Wednesday, August 02, 2006

The web makes Mr Woodhouses of us all

Reading books can make you ill - if you're a man
Michael Gove in The Times

There is one condition for which you can never receive enough medical attention — hypochondria. As someone who has suffered from this debilitating ailment for most of my life I have learnt that it is no respecter of age or background. But there is one biological quirk that governs its spread. Women, for some reason, are immune.

I’ve spent many years discussing my hypochondria with fellow sufferers. No official support group exists but you can easily find others similarly afflicted in specially designed environments that help us to cope with the symptoms. They’re called pubs. And in all my years of comparing notes with fellow victims I’ve found they are all, to a man, men.

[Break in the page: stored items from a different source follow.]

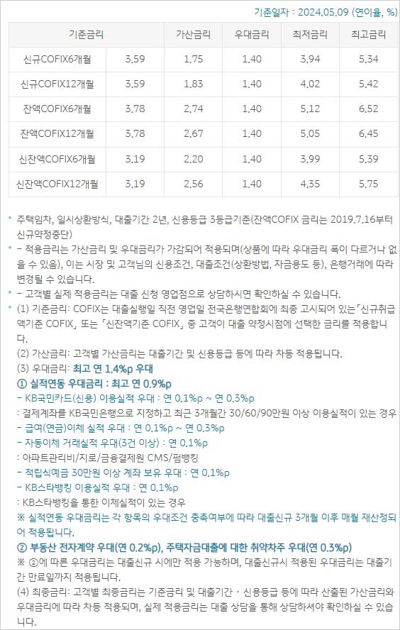 ▶금리 이자 이율은 다음과 같은데요. 2024.05.09일 현재, 주택임차, 일시상환방식,대출기간 2년, 신용등급 3등급인 고객에게 적용하는 금리라고 해요.
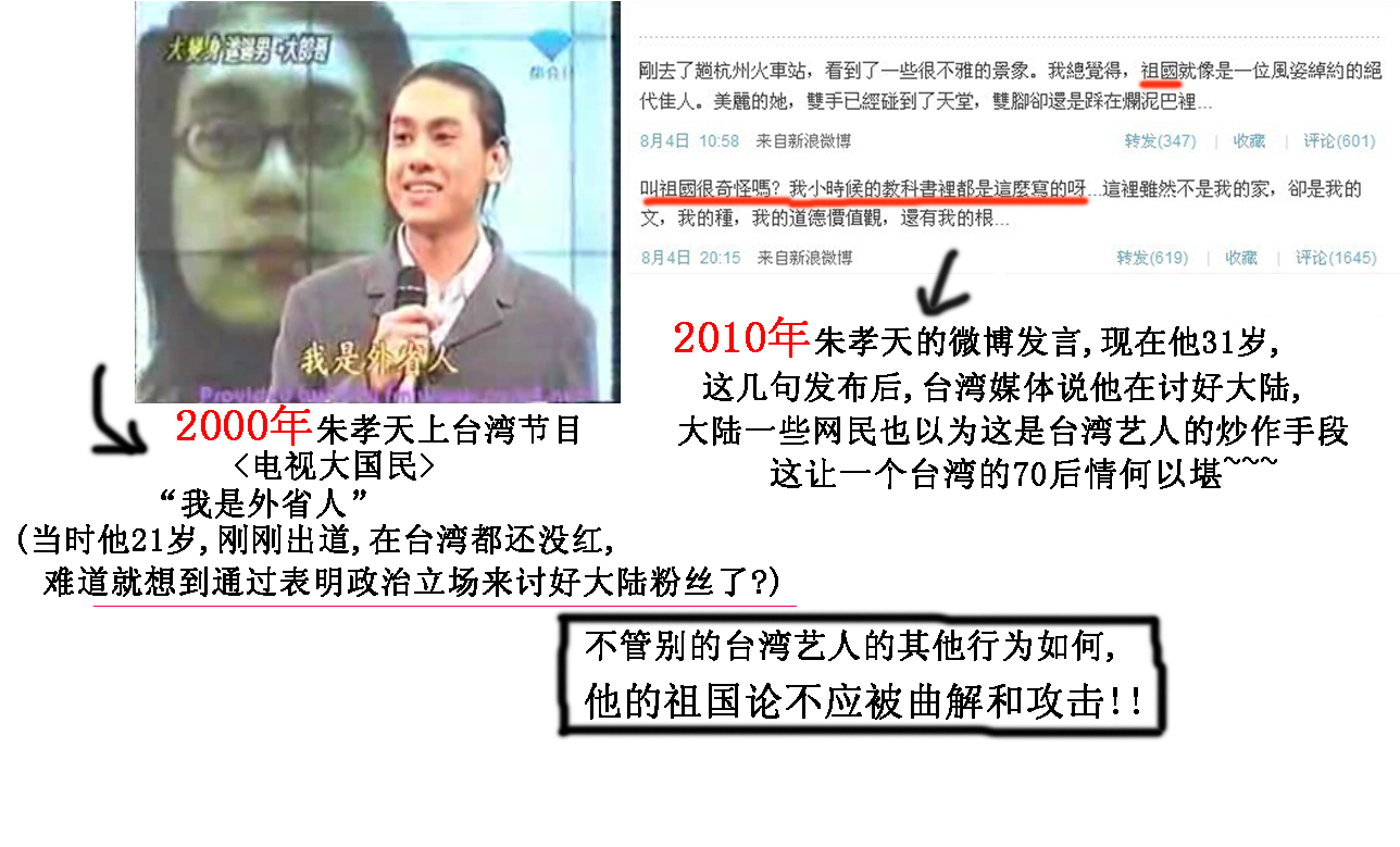 一个是10年前他上节目时的视频截图(地址:tieba.baidu.com/%E6%9C%B1%E5%AD%9D%E5%A4%A9/shipin/play/05c5e9f11d2a3117b41f026e)
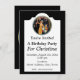 This flatcard party invitation is black with a white frame and a vintage lady in a yellow dress picking pretty pink cherry blossom flowers from a tree holding a big flowered box with a ribbon in a gold and blue circle. Customize your information with the templates.
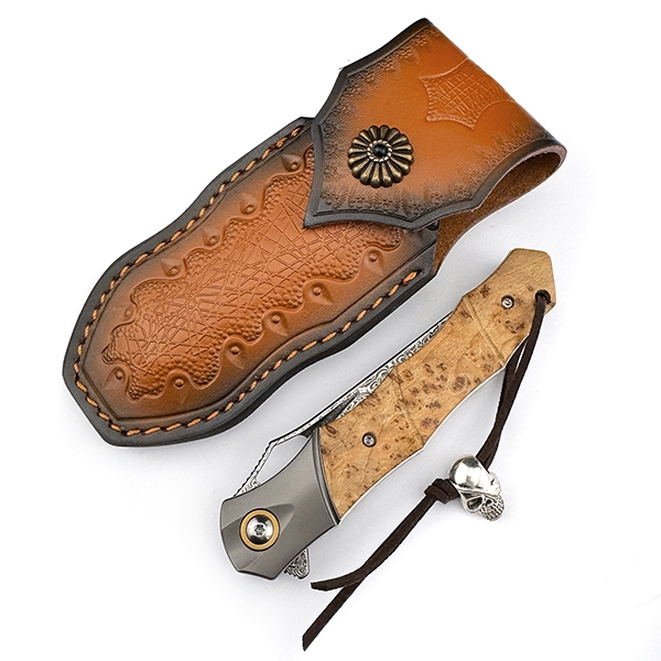 Прямий та витончений складаний ніж з дерев’яним руків’ям, сталевими больстерами та клинком із ламінованої сталі. Плавний рух клинка забезпечується підшипниками, а його фіксація – замком Liner Lock.
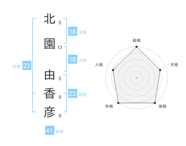 北園 由香彦さんを姓名の画数から五運を鑑定
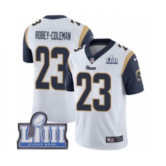 >Youth Nike Los Angeles Rams #23 Nickell Robey-Coleman White Vapor Untouchable Limited Player Super Bowl LIII Bound NFL Jersey
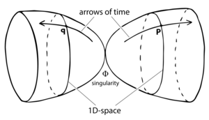 In his first model the two universes did not interact, except via local matter accumulation whose density and pressure become high enough to connect the two sheets through a bridge without spacetime between them, but with a continuity of geodesics beyond the Schwarzschild radius with no singularity[citation needed], allowing an exchange of matter between the two conjugated sheets, based on an idea after Igor Dmitriyevich Novikov.[27] Novikov called such singularities a collapse and an anticollapse, which are an alternative to the couple black hole and white hole in the wormhole model. Sakharov also proposed the idea of induced gravity as an alternative theory of quantum gravity.[28]
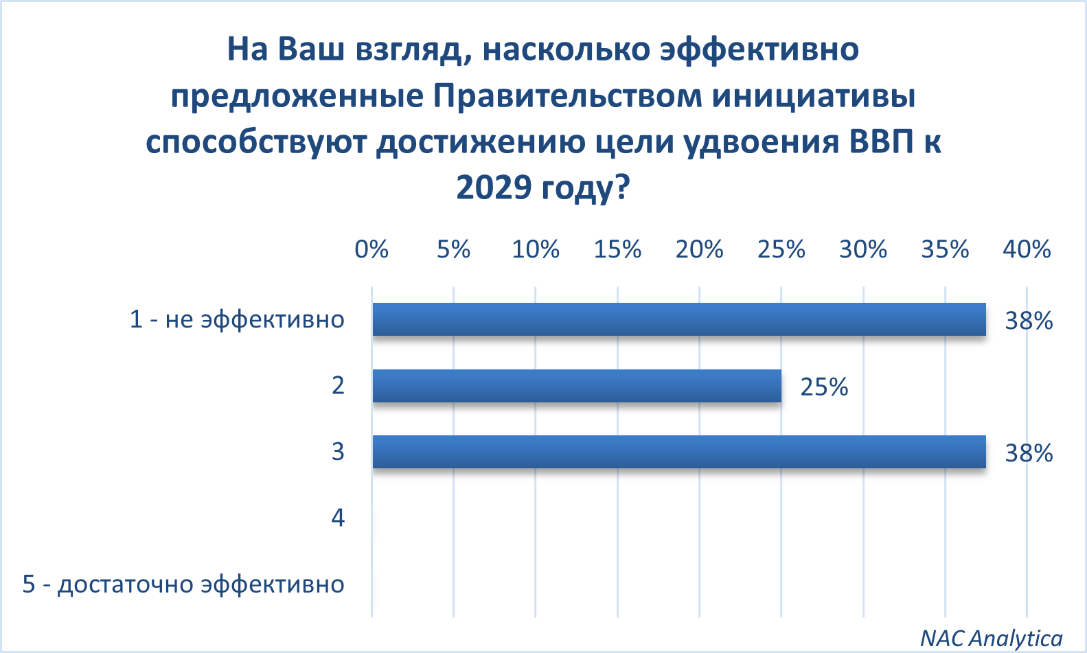 Эффективность правительственных инициатив по удвоению ВВП к 2029 году была оценена довольно критично. 38% опрошенных считают текущие меры неэффективными, еще 25% склоняются к мнению, что они «скорее неэффективны». Остальные заняли более нейтральную позицию.
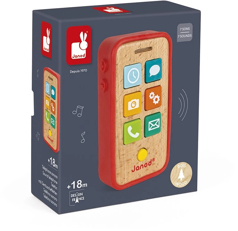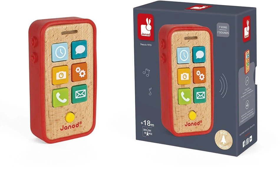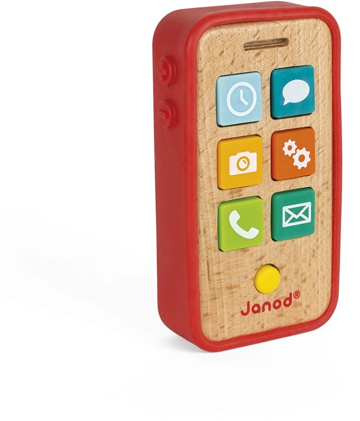 Holzspielzeug. Spielzeug aus massivem Holz. Realitätsgetreues Smartphone mit vielen Funktionen, mit Batterie, in einer weichen Hülle aus Silikon. Mit Soundeffekten wie ein echtes Smartphone: 7 unterschiedliche Töne: Home-Button, email, Alarm, Klingeln, Kamera, SMS und Einstellungen. Hülle aus Silikon. Batterie enthalten (3x LR44 1.5). Buchenholz
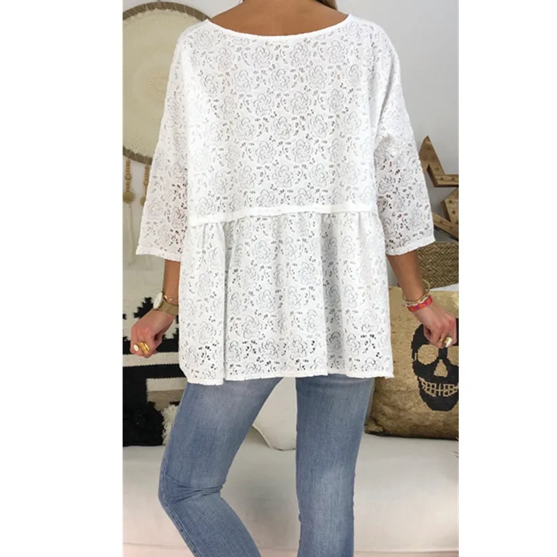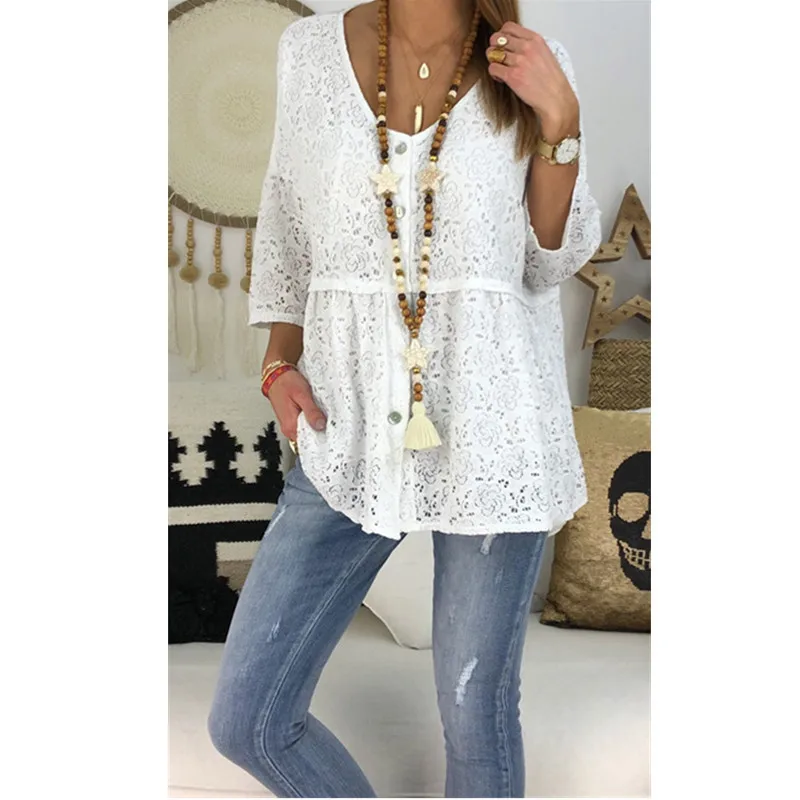 price cut Large size women's shirt 2019 summer autumn solid color lace Blouses Leisure V Neck half sleeve Wom
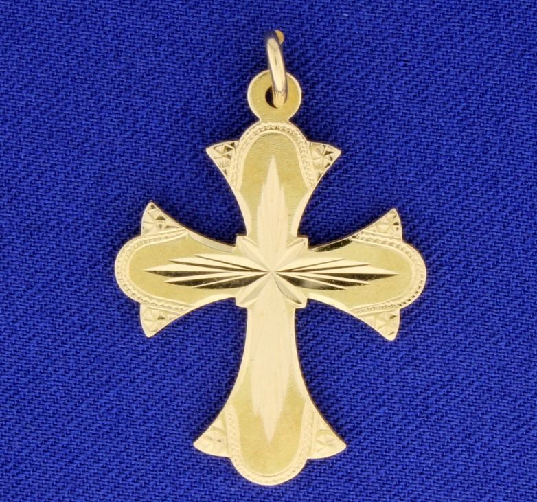 In 14K yellow gold, the pendant is 1 1/2 inches long with bale and is beautifully detailed! 4.7g
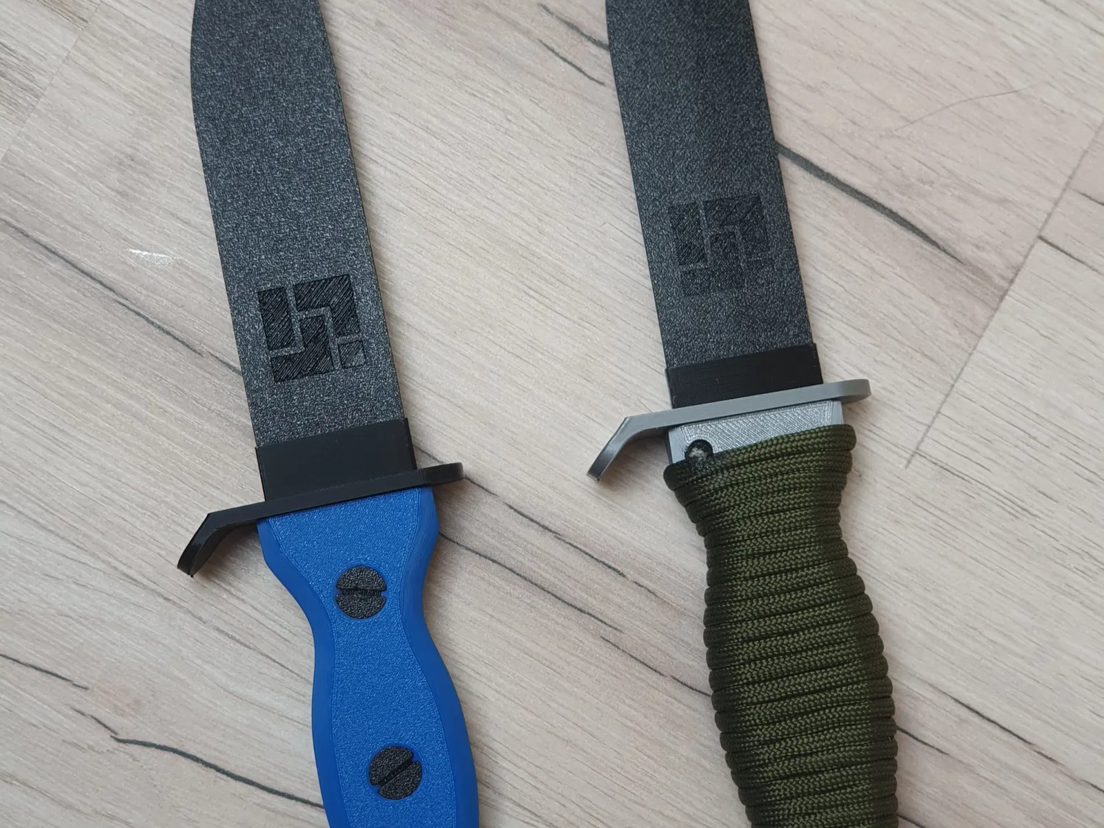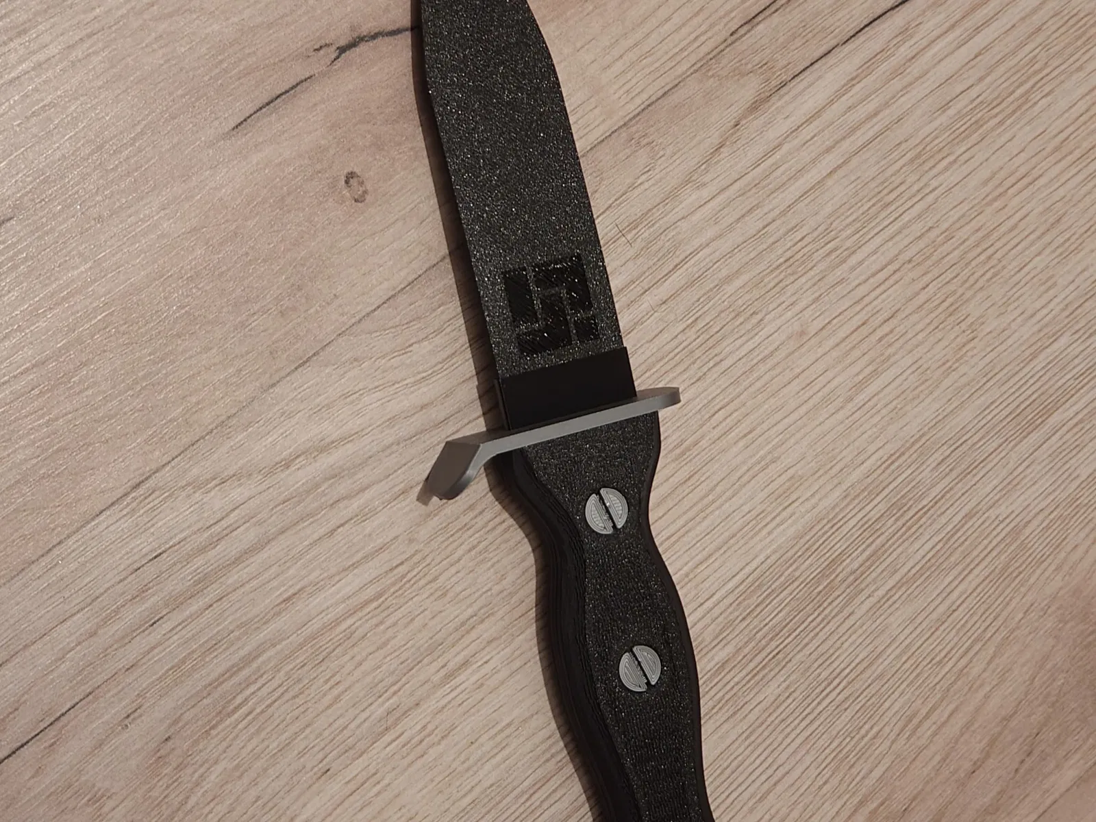 Đặt lưỡi dao vào giữa hai nửa của tay cầm. Vặn các ốc vít M6 đã in vào. Đưa bộ ổn định lưỡi dao qua tay cầm từ dưới lên. (Hoặc tải xuống “Tay cầm KHÔNG CÓ ỔN ĐỊNH” nếu bạn không muốn sử dụng bộ ổn định) Cẩn thận trượt tay cầm dọc theo lưỡi dao cho đến khi nó khớp vào tay cầm. Nếu bạn không muốn tháo rời con dao nữa, hãy cho keo vào chỗ lắp của tay cầm để khóa tay cầm vĩnh viễn.
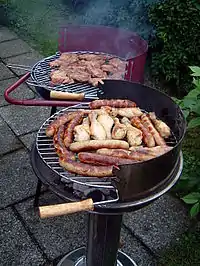 Backyard grilling is sometimes used synonymously for 'barbecuing', though it is one method of barbecuing. Barbecuing actually encompasses three distinct types of cooking techniques. One type is charbroil-grilling over direct dry heat on a ribbed surface, usually a hot fire (i.e., over 500°F) for a short time (minutes). A similar technique is griddling over direct dry or moist heat (sometimes with the additions of oils and butter) on a flat surface over a hot fire, at the same pace as charbroiling. Grilling and griddling may be done over wood, charcoal, gas (natural gas or propane), or electricity. Another technique is braising, which combines direct dry heat charbroil-grilling on a ribbed surface with a broth-filled pot for moist heat, cooking at various speeds throughout the duration (starting fast, slowing down, then speeding up again, lasting for a few hours). The other technique is cooking by using indirect heat or low-level direct radiant heat at lower temperatures (usually around 240°F) and significantly longer cooking times (several hours), often with smoke.
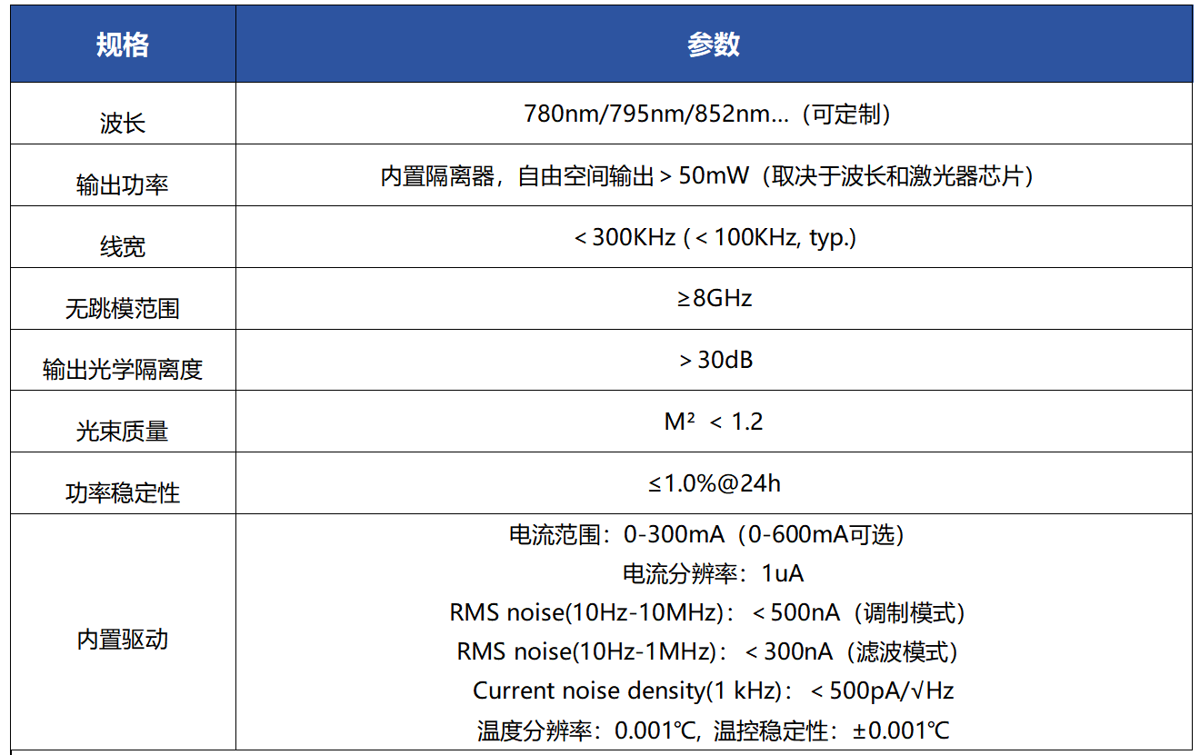 TR-LD-IceBrick(“小冰砖“)是一款窄线宽半导体激光器,内置了全数字化的超低噪声恒流源驱动和高精度温度控制器,仅需一路5V直流供电即可实现窄线宽半导体激光器的长期稳定运行。
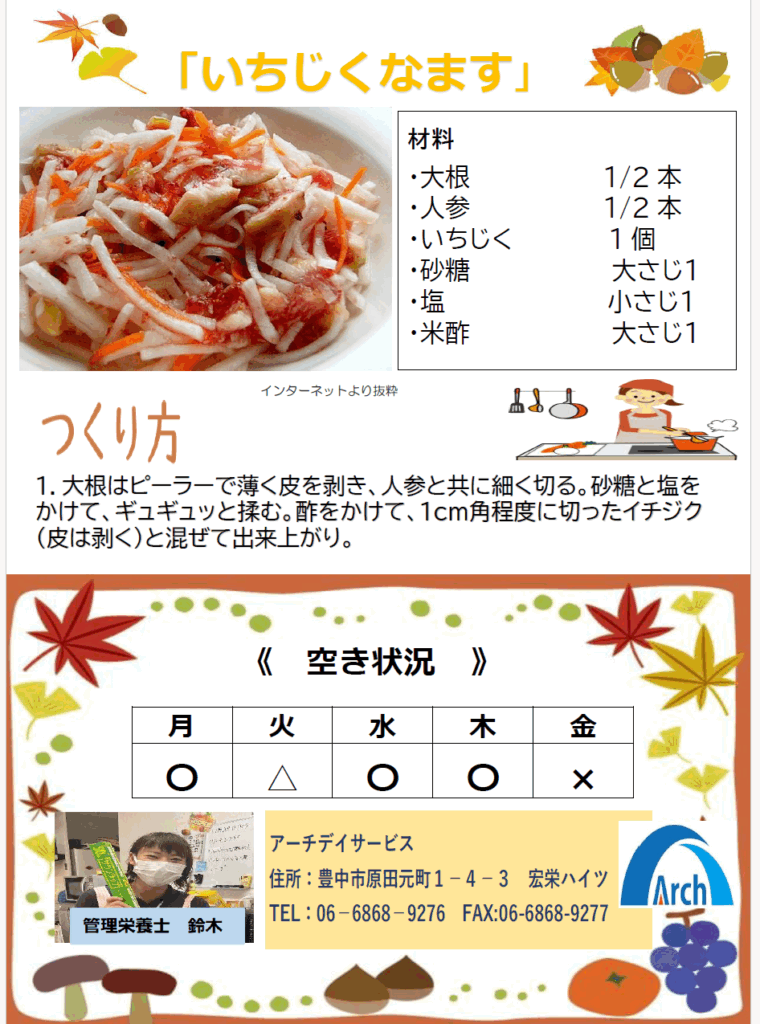 1日デイサービスからのお知らせ
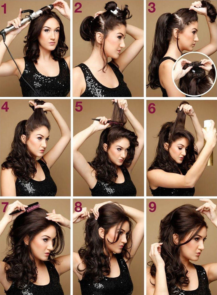 Women's aesthetic hairstyles with side curls and effective bouffant can be the perfect solution for a retro-themed party.

I’m not sure what protection the Double X chromosome gives to its bearers that insulates them from the effects of hypochondria but it appears pretty comprehensive. Traditional perceptions of masculinity would suggest that it’s we men who suffer pain in stoic silence, displaying an insouciance towards our physical welfare which recalls the Black Knight in Monty Python and the Holy Grail (Arthur: “You’ve got no arms!” Black Knight: “Just a flesh wound.”).

The assumption that men are, at best, insensitive to their wellbeing is reflected in efforts to persuade us that we should overcome our natural reticence, examine ourselves regularly for all sorts of curious flaws and then visit the doc at the first sign of trouble.
In my experience very few men need a second bidding when it comes to seeking medical advice on discovering something untoward. Admittedly, that pursuit of expertise may just be restricted to googling “malaria symptoms” when feeling a little woozy after a flight back from Vietnam or e-mailing Dr Thomas Stuttaford to ask what might be causing repeated night sweats (answer: sleeping under a winter- weight duvet in the South East during a heat wave).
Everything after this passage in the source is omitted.